Federal Reserve Bank of Richmond President Jeffrey Lacker said he opposes a proposal to tie central bank stimulus to the U.S. unemployment rate because such a move may spur inflation.
“Crisp numerical thresholds may work well in the classroom models used to illustrate policy principles, but one or two economic statistics do not always capture the rich array of policy-relevant information about the state of the economy,” Lacker said today in remarks prepared for a speech in New York.
Lacker’s comments highlight the challenge to Fed officials as they try to find a consensus on new ways to provide a forecast for monetary policy. Measures such as inflation and the unemployment rate could augment or replace the Fed’s current commitment to keep the main interest rate near zero through at least mid-2015.
Policy makers “generally favored” an approach linking the duration of record-low interest rates to “economic variables,” according to minutes of their Oct. 23-24 meeting released last week. Four Fed policy makers have backed this plan, which was first proposed by Chicago Fed President Charles Evans last year.
“This approach would place great weight on a single indicator of labor market conditions, one that can easily lead you astray,” Lacker said at the Shadow Open Market Committee Symposium. The panel is a group of independent economists who meet to evaluate the Fed’s policy choices.
“This risk seems particularly germane now,” he said, given “the difficulty of disentangling the trend and cyclical components” of a decline in participation in the labor force.
The Richmond Fed chief said Congress may need to constrain Fed credit policy should the central bank not set such limits itself.
“If the Federal Reserve cannot limit credit policy of its own accord, legislation may be the best option,” he said. “And the restraint of credit policy would not be complete unless limits on reserve bank lending are complemented by limits on the Fed’s ability to buy private sector assets.”
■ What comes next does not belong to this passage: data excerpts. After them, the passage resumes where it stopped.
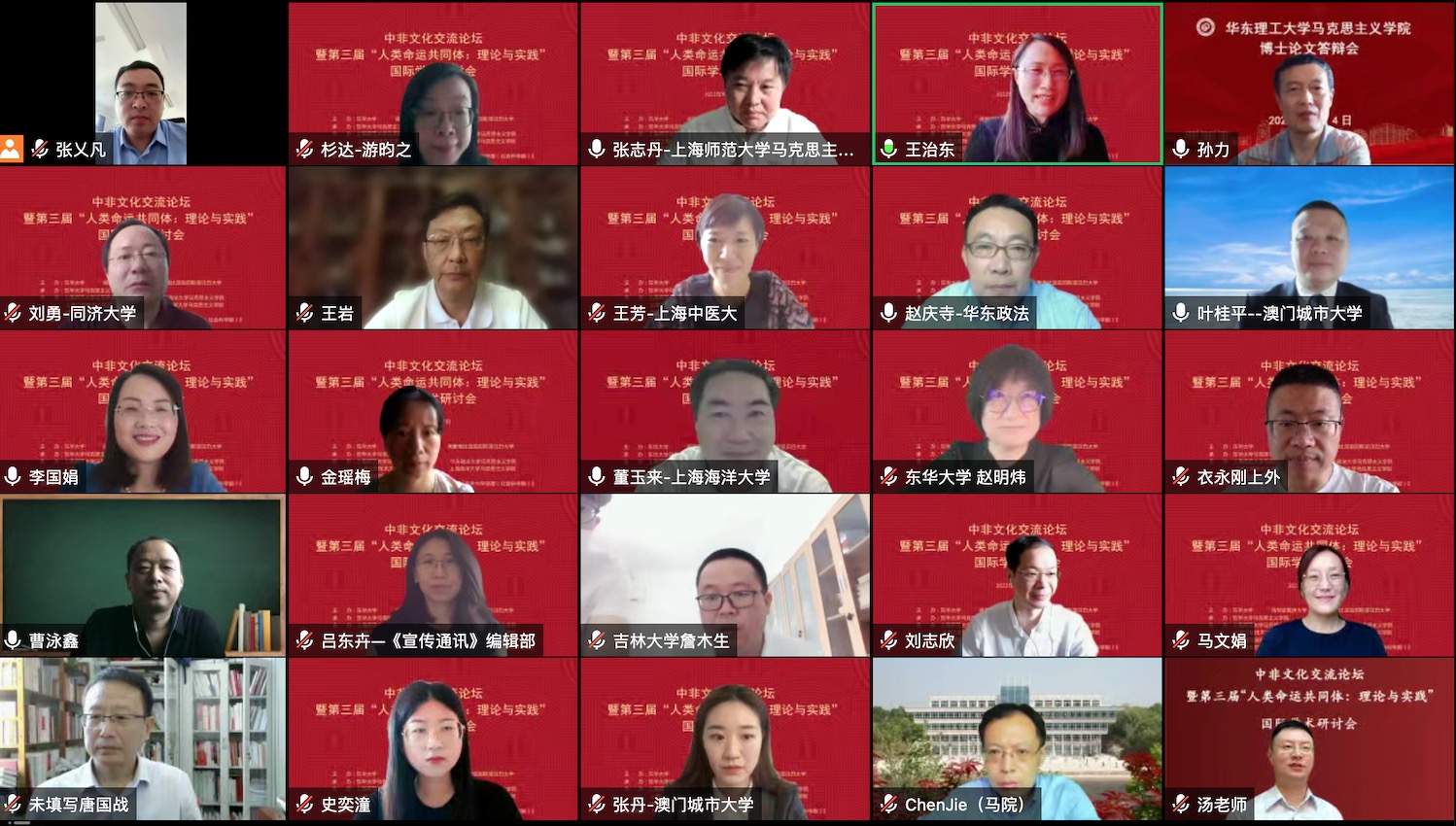 上午9时,研讨会在腾讯会议线上举行。本次国际研讨会的合办单位有上海师范大学beat365中文登录入口、华东政法大学beat365中文登录入口、上海工程技术大学beat365中文登录入口、上海海洋大学beat365中文登录入口、信阳师范学院beat365中文登录入口,协办单位有beat365中文登录入口马克思主义理论与当代实践研究基地、上海市习近平新时代中国特色社会主义思想研究基地beat365中文登录入口基地、上海高校思政课名师工作室(王治东工作室),《毛泽东邓小平理论研究》《上海宣传通讯》《beat365中文登录入口学报(社会科学版)》作为支持期刊参会。会议分为主旨发言会场和4个分会场,来自全国各地的线上参会人员有120多人。研讨会由分论坛主席、beat365中文登录入口院长王治东教授主持,她指出,中非文化交流论坛在第三年发生了整体结构性的改变,研究议题的增长性和专家学者的关注度较之以往有了新的突破,这也得益于多方的支持和参与。论坛关注年轻学者的成长,四个分论坛中有两个是提供给青年学者的。本次论坛收到了66篇稿件,经评委会评审,评出论文一等奖5人,二等奖8人,三等奖10人,优秀奖17人。
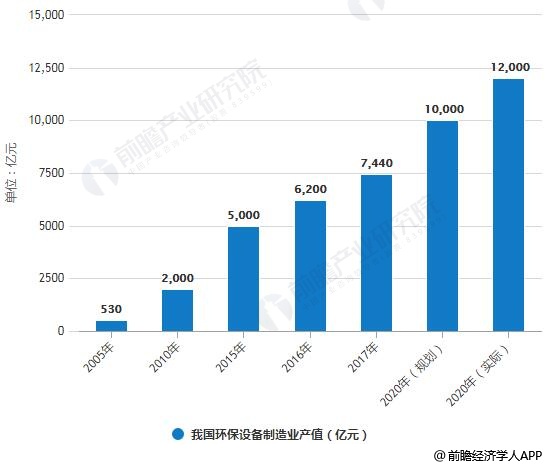 2017年10月,工業(yè)和信息化部發(fā)布《關(guān)于加快發(fā)展環(huán)境保護(hù)裝備制造業(yè)的指導(dǎo)意見》,提出到2020年,水處理設(shè)備環(huán)境保護(hù)裝備制造業(yè)產(chǎn)值應(yīng)達(dá)到1萬億元。根據(jù)我國環(huán)保裝備產(chǎn)業(yè)的發(fā)展現(xiàn)狀,預(yù)計(jì)2019年達(dá)到產(chǎn)業(yè)萬億元目標(biāo),2020年超過1.2萬億元。行業(yè)發(fā)展速度超出規(guī)劃預(yù)期。
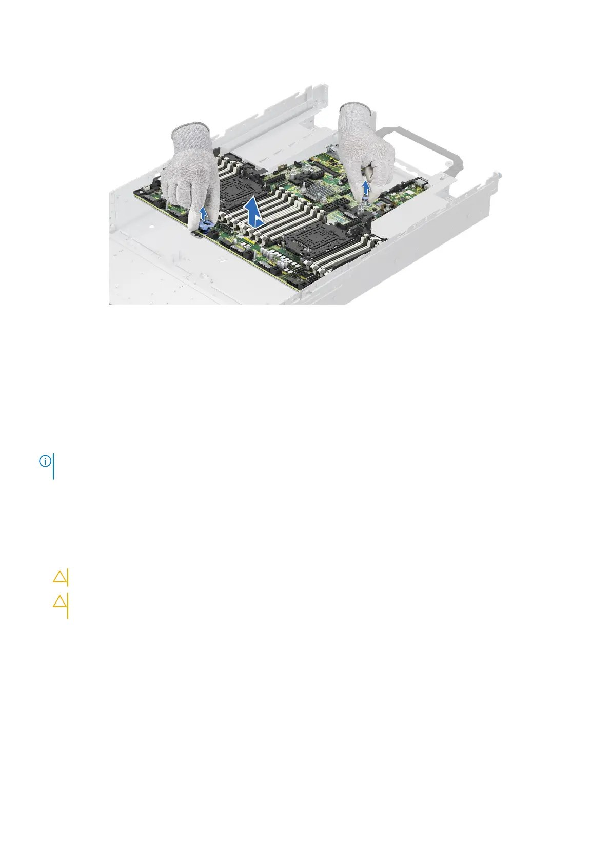 CAUTION: Do not lift the system board by holding a memory module, processor, or other components.
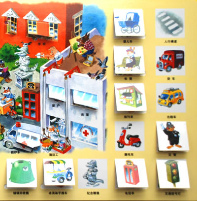 在内容上,它更是以培养孩子的想象思维能力为主,进行“翻翻页”的设计与内容的编排。每册书都将宝宝需要认知的事物整齐的排放在书中大场景的四周。宝宝通过认知完这些单个小事物后,需要在书中的大场景里找找他们都藏在哪儿。有些小鱼会躲在珊瑚后面,还有些奇妙的鱼会躲在水草里……,这些奇妙的景观,都需要孩子自己来寻找发现。孩子们也会因为这些小小的发现感到无比惊喜,他们总希望探索下个岩石或者沙滩下又藏着什么小东西……。因此,这样的阅读形式不但能给孩子带来对事物的基本认知,而且它也无形中培养着孩子的想象力与思维能力。
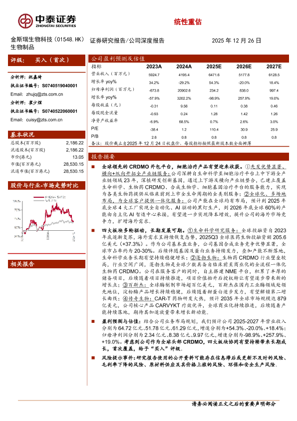 【中泰证券】【202512】全球领先的一站式CRDMO,细胞治疗产品逐步收获,有望迎来系统性重估-33页
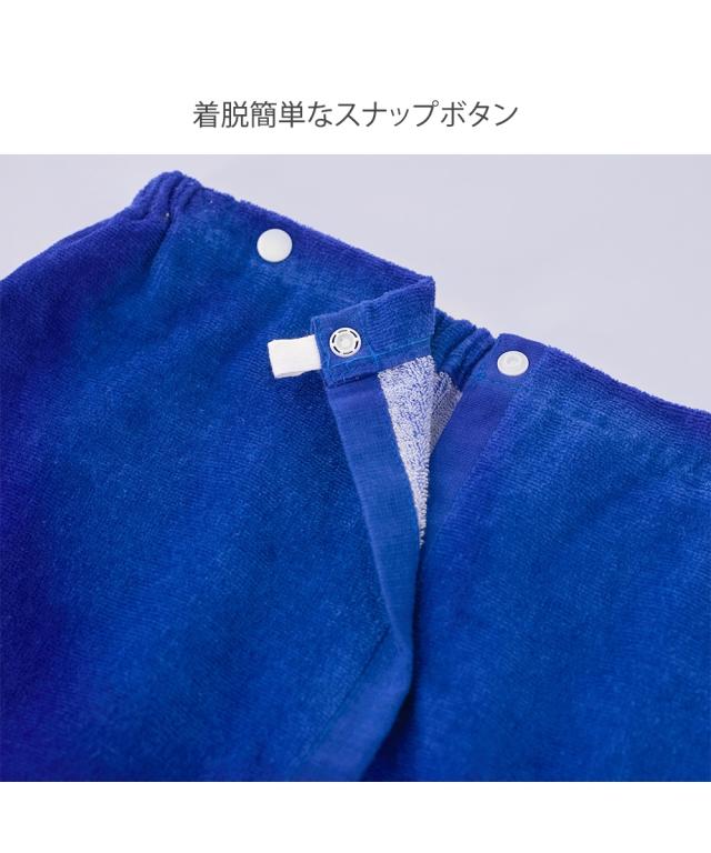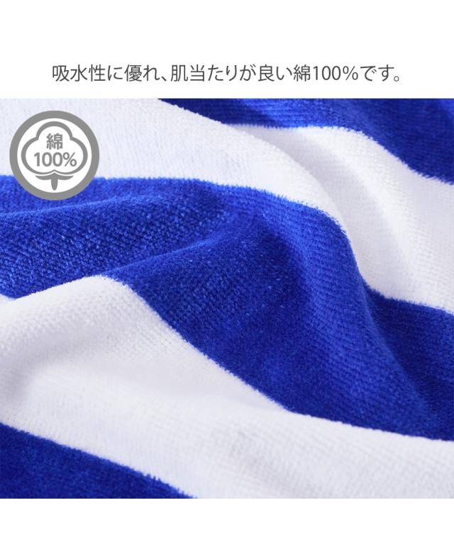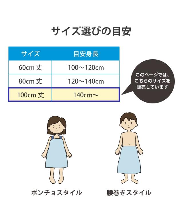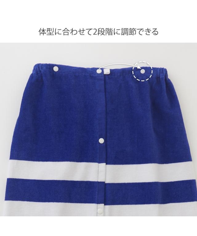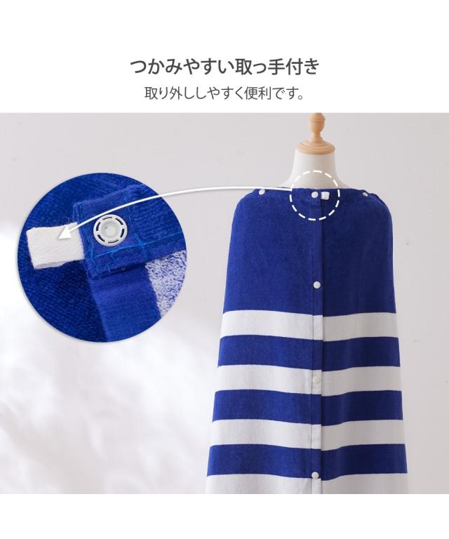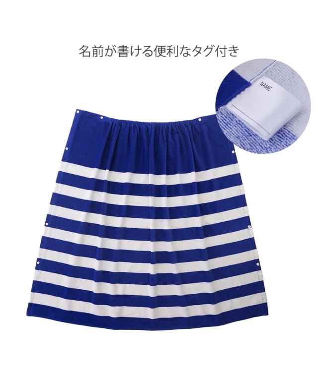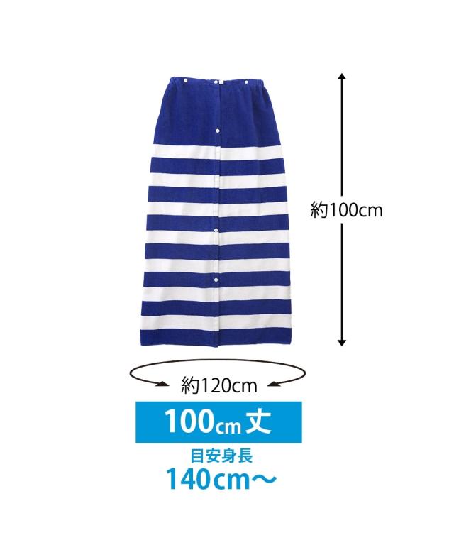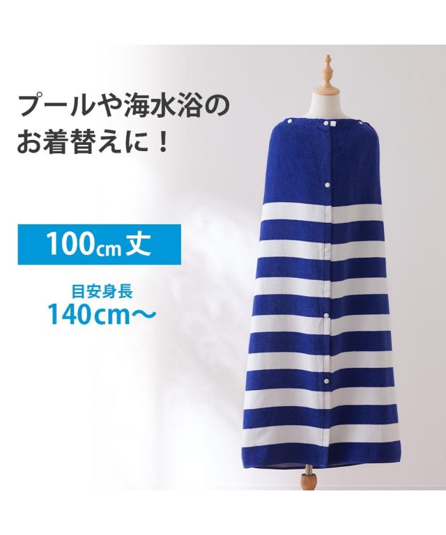長めの100cm丈: 高学年から大人までしっかりカバーできるロングサイズ。 着替えの際も足元まで隠れるため、プライバシーをしっかり守ります。 ■こだわりポイント 吸水性の高いパイル生地: 水分を素早く吸収するタオル素材を採用。プール上がりやシャワー後の濡れた体を優しく包み込みます。 フィット感のあるゴム入りギャザー: 胸元(または腰元)にはしっかりとしたゴムが入っており、動いてもズレ落ちにくい設計です。 ■おすすめポイント・特徴 着替えやすい前開きボタン: スナップボタン式で、お子様でも簡単に着脱が可能。全開にすれば普通のタオルのように広げて使うこともできます。 爽やかなボーダーデザイン: 清潔感のあるブルー×ホワイトの太めボーダー。性別を問わず使いやすく、トレンドに左右されない定番のデザインです。 マルチな活用シーン: プールや海での着替えだけでなく、お風呂上がりのリラックスタイムや、ジム・サウナでの移動用としても重宝します。 ■こんな人におすすめ 成長期のお子様や学生の方: 80cm丈では短く感じてきた小学校高学年中学生の方に最適です。 プールやレジャーを楽しむ大人の方: 海水浴やジムのシャワー室など、公共の場でのスマートな着替
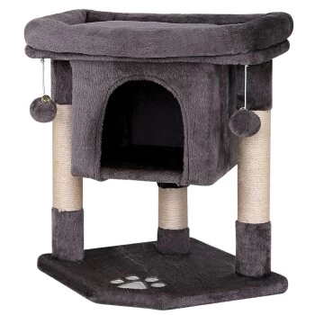 Mit diesem Katzenspielhaus aus weichem Plüsch bleiben keine Wünsche Ihrer Samtpfote offen. Die kuschelige Höhle lädt zum Ausruhen und Verstecken ein und die beiden hängenden Plüschbälle sorgen für den nötigen Spielspaß. Das einladende Liegebett ist ideal für die Ruhezeiten und das Beobachten der Umgebung. Die Stämme aus robustem Sisal unterstützen die Krallenpflege und halten Ihre Katze somit von den Möbeln fern.
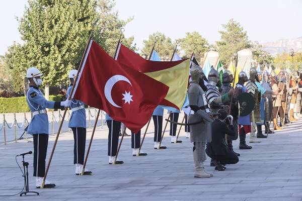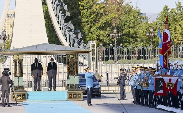 Tshisekedi, Muhafız Alayı Tören Kıtası'nı Türkçe, "Merhaba asker" diyerek selamladı. Törende, tarihte kurulan 16 Türk devletini temsil eden bayraklar ve askerler de yer aldı.
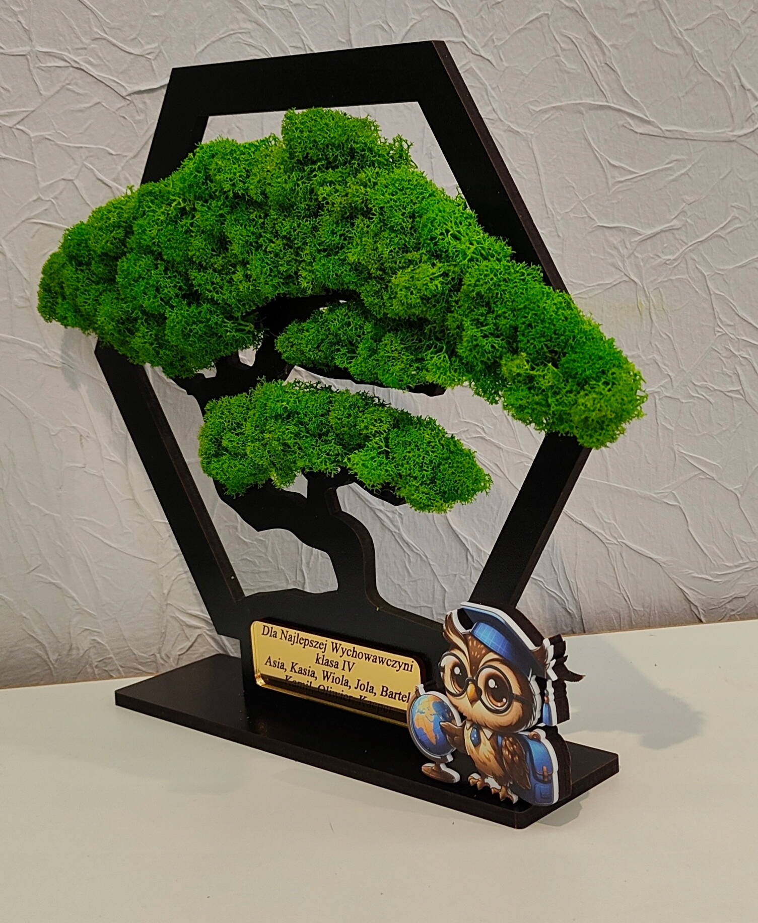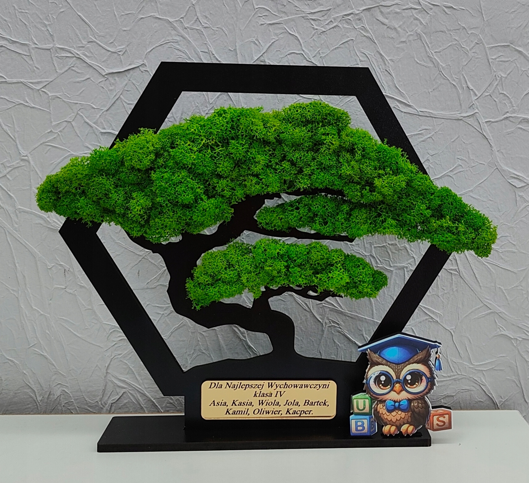 Статуетка бонсай з мохом, день вчителя, кінець року, різнобарвна сова
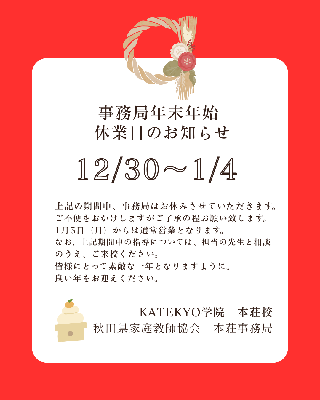 秋田駅前校 / 秋田土崎校 / 横手駅前校 大館校 / 能代校 / 大曲駅前校 / 本荘校 / 湯沢校
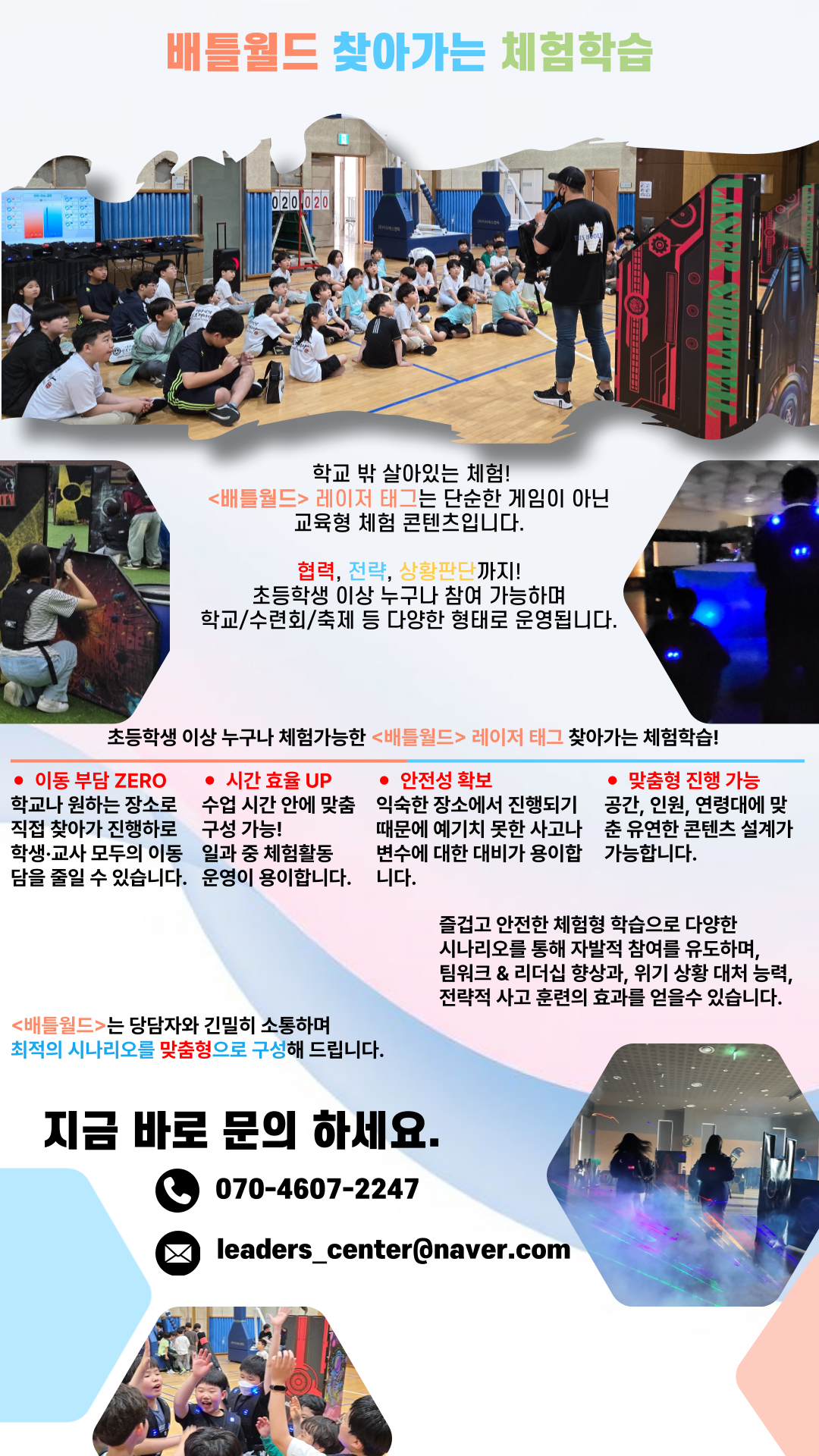 출장 서바이벌 프로그램 학교로 찾아가는 체험학습 찾아가는 워크숍 프로그램 수련원 및 연수원 프로그램 찾아가는 행사 및 축제 프로그램 찾아가는 체험학습 이동이 필요없는 체험학습배틀월드와 함께 하세요!! 경기도 하남시 미사대로 410, 7층 101-739호 070-4607-2247 Blog Instagram Youtube 문의하기 빠른 시일내에 상담 및 견적을 도와드리겠습니다. Name Email Phone Company Message 보내기

Lacker was the only policy maker to cast a dissenting vote at the Federal Open Market Committee’s Oct. 23-24 meeting in which officials maintained $40 billion in monthly purchases of mortgage-backed securities and affirmed their zero-interest-rate forecast. He has dissented from every FOMC decision this year.
There is “ample room for skepticism about the effect of the Fed’s asset purchases,” Lacker said, adding the movement of Treasury yields around the time of policy announcements has been “ambiguous.”